The listing below must be repeated word for word, without its pictures.
-- DATA follows --
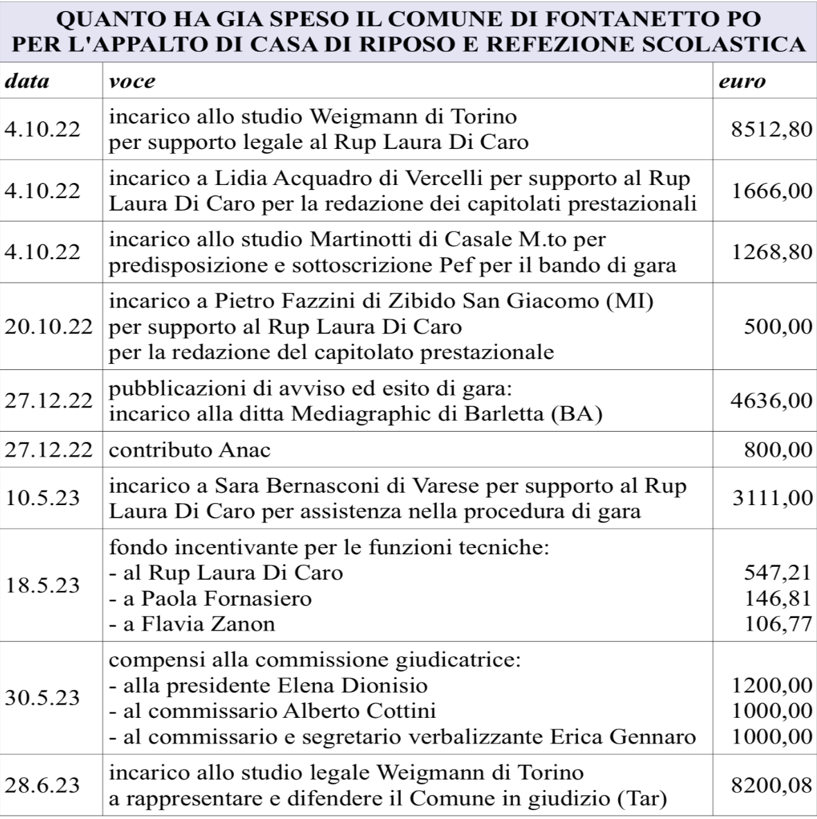 Spiega il sindaco Riccardo Vallino: «Nella prima fase di accesso al bando, pare che la cooperativa non abbia presentato un documento fondamentale: una svista che è costata l’esclusione dalla gara d’appalto. Ma in questa fase di selezione il Comune non ha alcun ruolo». La non ammissibilità della cooperativa “Punto Service” è stata infatti decisa dalla Stazione Unica Appaltante, costituita tra i Comuni di Fontanetto Po e Saluggia, nel corso della fase di esame delle buste.
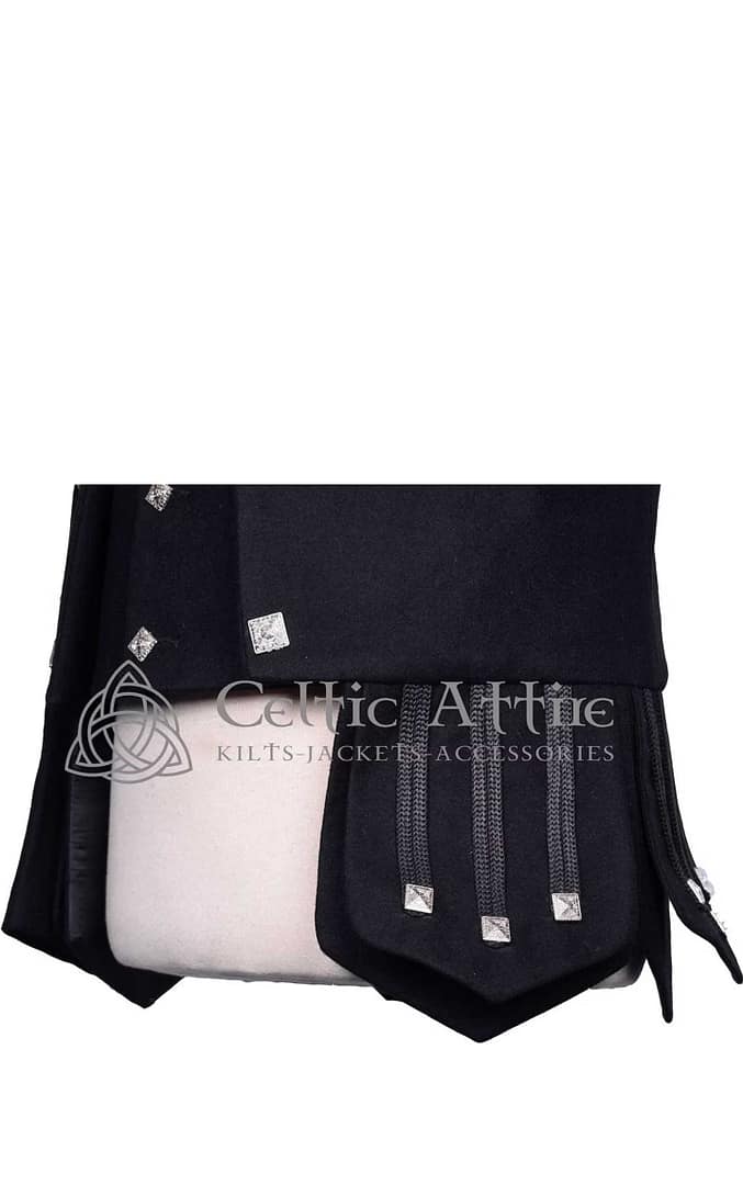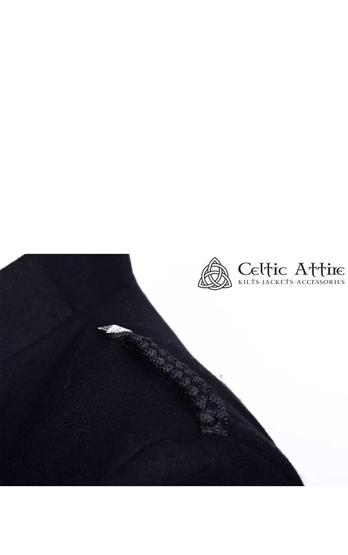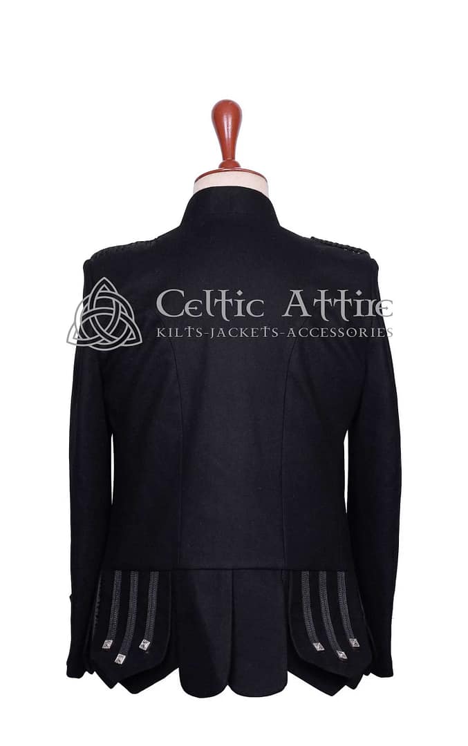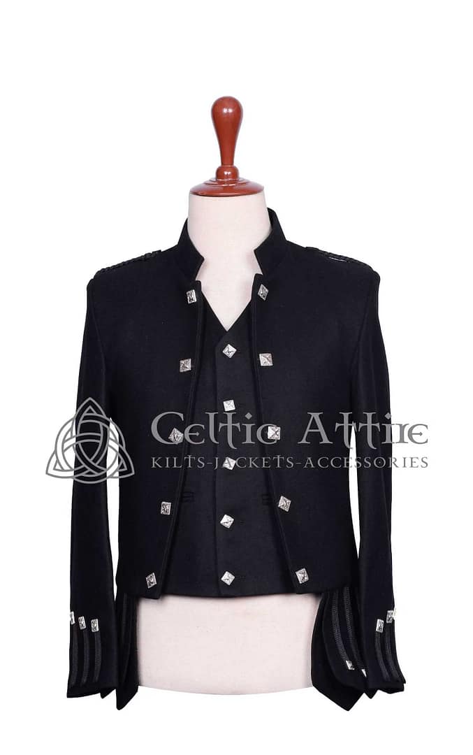 Our Scottish Sheriffmuir Doublet Jacket and Waistcoat in Black Barathea is a tailored formal evening jacket. It is made using Blazer Wool and has a high collar, is fastened at the top button and has a curved cut-away front featuring 5 Celtic buttons on either side.
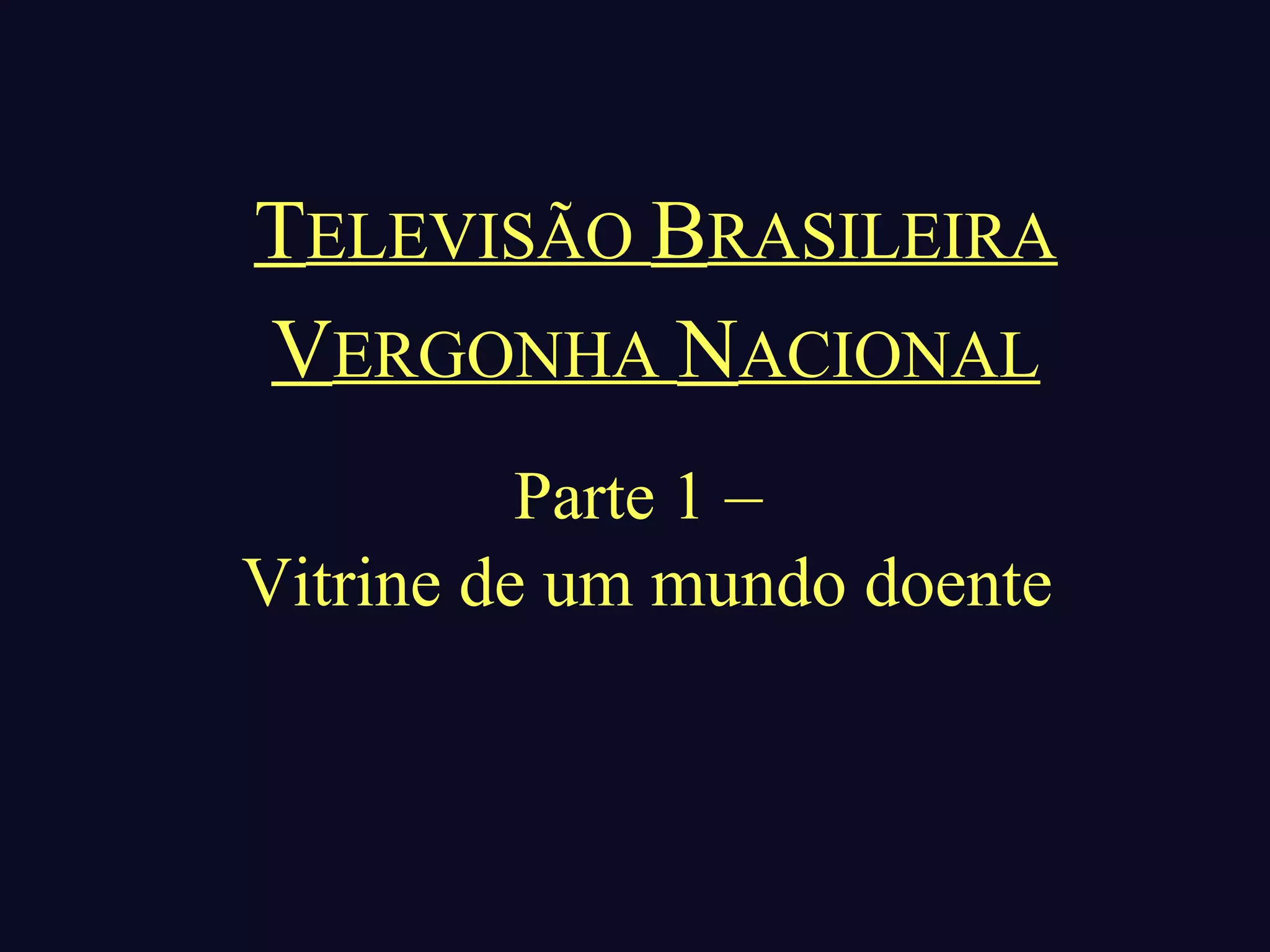O documento discute como a televisão brasileira promove a burrice e a manipulação das massas para fins de lucro. Um roteirista da Globo revela que a meta da emissora é "emburrar" o público, disseminando futilidade no horário nobre. Isso representa um golpe quase mortal na cultura brasileira e é anti-cidadania. Devemos buscar outros caminhos para a nação, com foco em educação, arte e cultura.
-- DATA concluded --
WRITTEN ANSWER
 Spiega il sindaco Riccardo Vallino: «Nella prima fase di accesso al bando, pare che la cooperativa non abbia presentato un documento fondamentale: una svista che è costata l’esclusione dalla gara d’appalto. Ma in questa fase di selezione il Comune non ha alcun ruolo». La non ammissibilità della cooperativa “Punto Service” è stata infatti decisa dalla Stazione Unica Appaltante, costituita tra i Comuni di Fontanetto Po e Saluggia, nel corso della fase di esame delle buste.
 Our Scottish Sheriffmuir Doublet Jacket and Waistcoat in Black Barathea is a tailored formal evening jacket. It is made using Blazer Wool and has a high collar, is fastened at the top button and has a curved cut-away front featuring 5 Celtic buttons on either side.
O documento discute como a televisão brasileira promove a burrice e a manipulação das massas para fins de lucro. Um roteirista da Globo revela que a meta da emissora é "emburrar" o público, disseminando futilidade no horário nobre. Isso representa um golpe quase mortal na cultura brasileira e é anti-cidadania. Devemos buscar outros caminhos para a nação, com foco em educação, arte e cultura.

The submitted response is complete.